Edmund Phelps's Remarks on Retiring from Teaching
Upon becoming Professor Emeritus in December 2021, Edmund Phelps has continued full time as Director of the Center. He gave these remarks at an April 25 luncheon held by the Economics department to mark his retirement from teaching.
Remarks at the Retirement Lunch, Columbia Faculty House, 25 April 2023
It’s very nice of the Economics Department to hold this Lunch marking my retirement from teaching in the Economics Department – but not from work.
I joined Columbia in September 1971 and remained a Columbia professor until the end of December 2021. To quote (loosely) from my memoirs, “On my usual train from Philadelphia back to Manhattan…I found myself sitting across from Kelvin Lancaster, the chair of the Economics Department… Columbia needed new senior members …and I needed to be fully in New York.”
There was a lot of building to do. We – mainly Ronald Findlay and I – started with hiring Guillermo Calvo, who had been in a class of mine at Yale, and John Taylor, whom I had met at a party in Stanford (in 1970). Then Ron recruited Carlos Rodriquez. I felt we were then in a position to go after Bob Mundell, whom I had come to know a few years earlier. We got him in 1974.
This was impressive. As I wrote in my memoirs, “the well-known macro-economist Stanley Fischer commented to me that the Columbia department had the best macroeconomics team in the country.” (My Journeys, p. 85)
Columbia is, for me, also a romantic place. It was here – in 1972 – that I met Viviana Montdor, who had been working in central offices at Low Library – and was transferred to the Economics Department. We got married in October 1974. We enjoyed the considerable social life with my colleagues.

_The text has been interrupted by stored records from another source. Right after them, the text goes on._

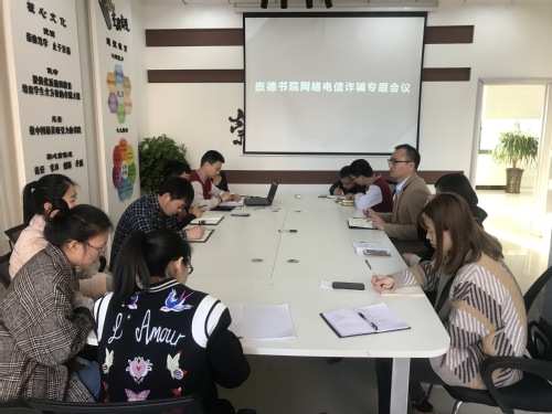 针对当前大学校园“非法校园贷、电信网络诈骗、传销”案件多发现象,为提高我校学生的安全防范意识和技能,3月12日下午,崇德书院组织召开了“网络电信诈骗”专题会议,崇德书院党总支书记徐超、崇德书院党总支副书记杨翠苹及全体辅导员老师参与了此次会议。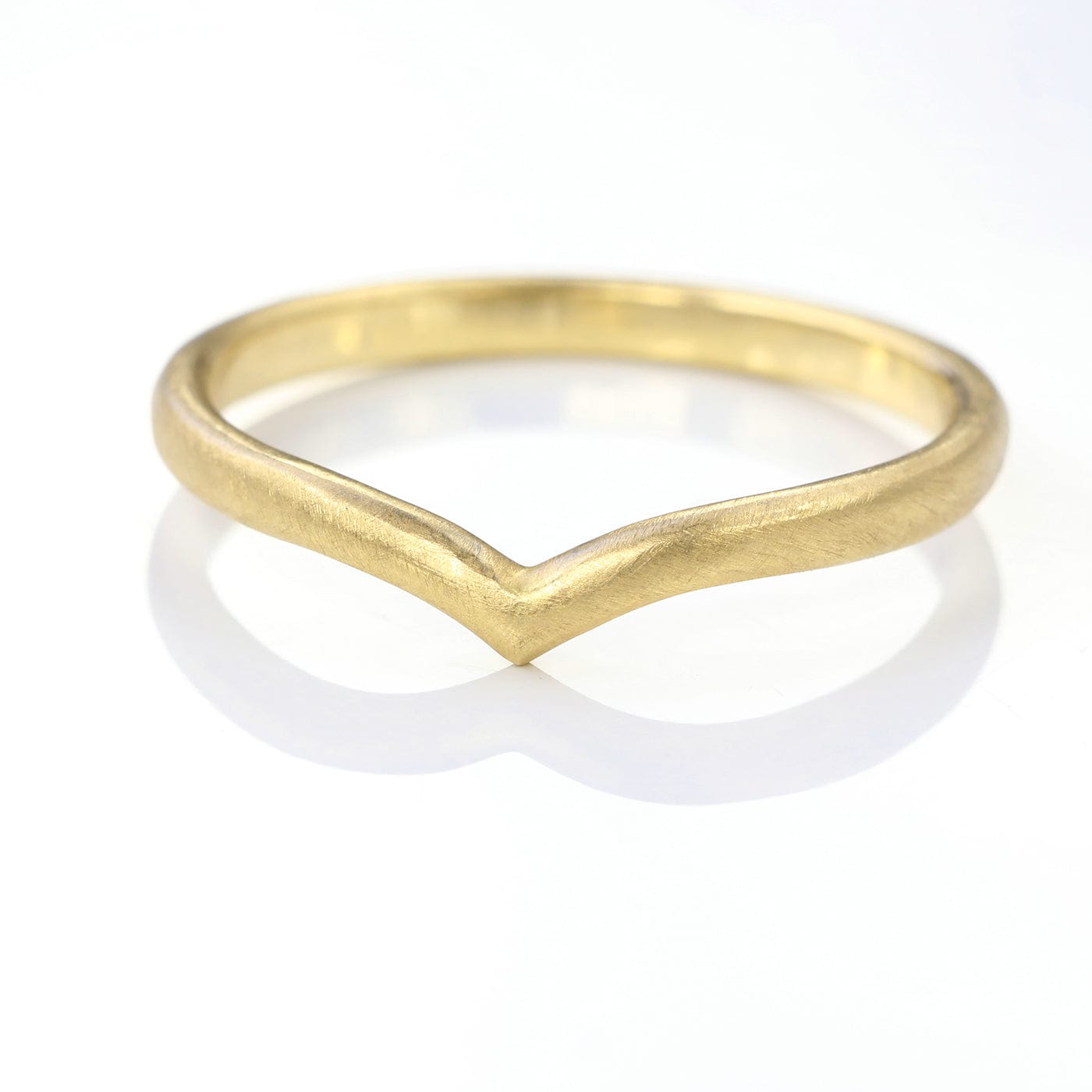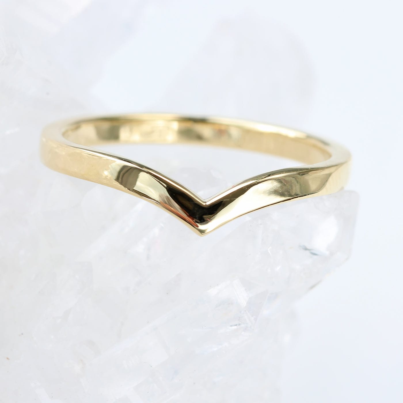 The perfect stacking ring to pair with a solitaire ring. Lilia Nash's wishbone ring features a slim 2mm band with a chevron in the centre to help it fit closer when worn paired.
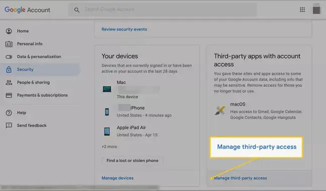 2FA veya uygulamaya özel şifreler kullanmasanız bile Gmail’inize (ve diğer Google hizmetlerine) erişimi olan üçüncü taraf uygulamalarını yönetmek için :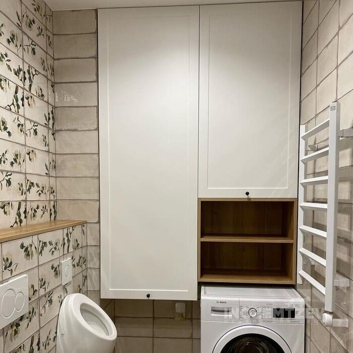 Навесной шкаф над стиральной машиной из МДФ эмали с открытыми полками из текстурного ЛДСП Egger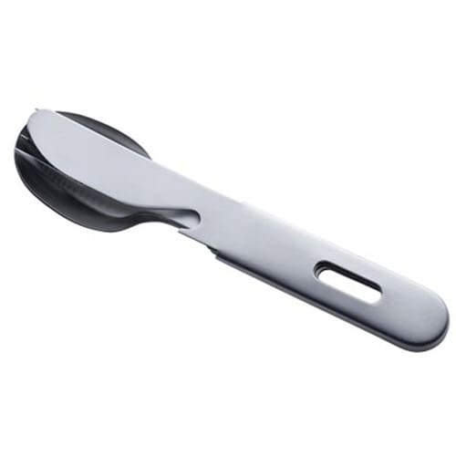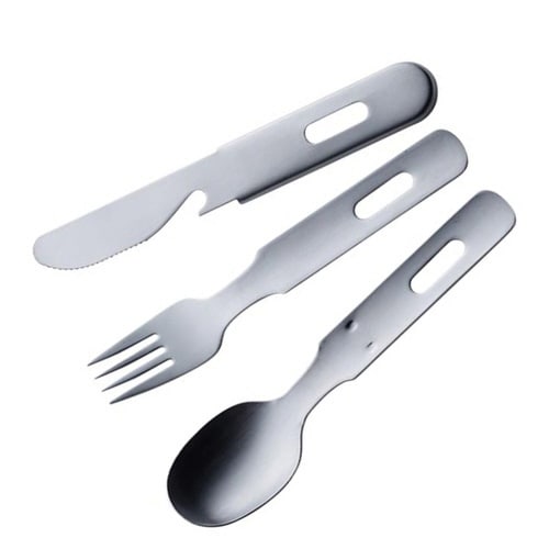 食事で出番の多いナイフ、フォーク、スプーンが1つになったカトラリーセットです。 小型でコンパクトなサイズ感なので、荷物にならず持ち運びに最適です。 ナイフは栓抜きとしての機能も付いています。 |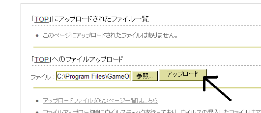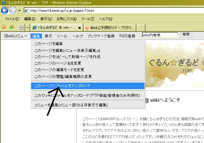 - ページ左上部にある 編集 のタブをクリックし、このページにファイルをアップロードをクリック

Working at Columbia proved to be stimulating. There were stimulations from many directions. There was Jim Heckman, Stanley Wellisz, Peter Passell, Lowell Harris, the wonderful philosopher Sidney Morgenbesser, the splendid sociologists Robert Merton and Harriet Zuckerman, and others at Columbia. Arnold Collery, a teacher of mine at Amherst, became Dean at Columbia.
In the environment at Columbia and elsewhere – New York City, Paris, Amsterdam, Rome, Rio, Buenos Aires and Mannheim – I developed and branched out in the ‘70s to work on economic justice as conceived by John Rawls and on altruism, encouraged by Tom Nagel. In the ‘80s I wrote my textbook Political Economy, then I discussed the transmission abroad of fiscal stimulus at home. In the ‘90s I wrote Structural Slumps with my research team – a sort of Keynes vs. Hayek – and then Rewarding Work – a sign of the future.
The Festschrift for me in 2001 brought a hundred mostly-macro economists from around the world to Columbia to make presentations in my honor. The organizers were Roman Frydman at NYU and Philippe Aghion at Harvard along with Joe Stiglitz and Michael Woodford, both at Columbia. It was a stupendous event for me and Columbia too. So was my Nobel in 2006.
What came next was Mass Flourishing in 2013 with its theory of indigenous innovation (in contrast to the exogenous innovation of Schumpeter and Solow) and the sequel Dynamism with its battery of statistical tests – all devised and executed by Columbia PhD’s in economics – Raicho Bojilov, Hian Teck Hoon and Gylfi Zoega. (Columbia won, the German Historical School lost!)
Back in 2000 Roman Frydman and I envisioned the Center on Capitalism and Society, which – with help from Andrzej Rapacynski, Glenn Hubbard and others – opened in 2001 and is now recognized around the world. We had a conference with Common Good last week and are having on September 18 our 20th annual conference. It is bringing stars from around the world!
I was very happy when in December 2021 the Trustees agreed the Center may continue in its present space in 2022-2023 with the possibility of an extension to 2024. I am fortunate that I am able to go on doing the work I love.
I can’t express adequately my gratitude for all Columbia has done for me.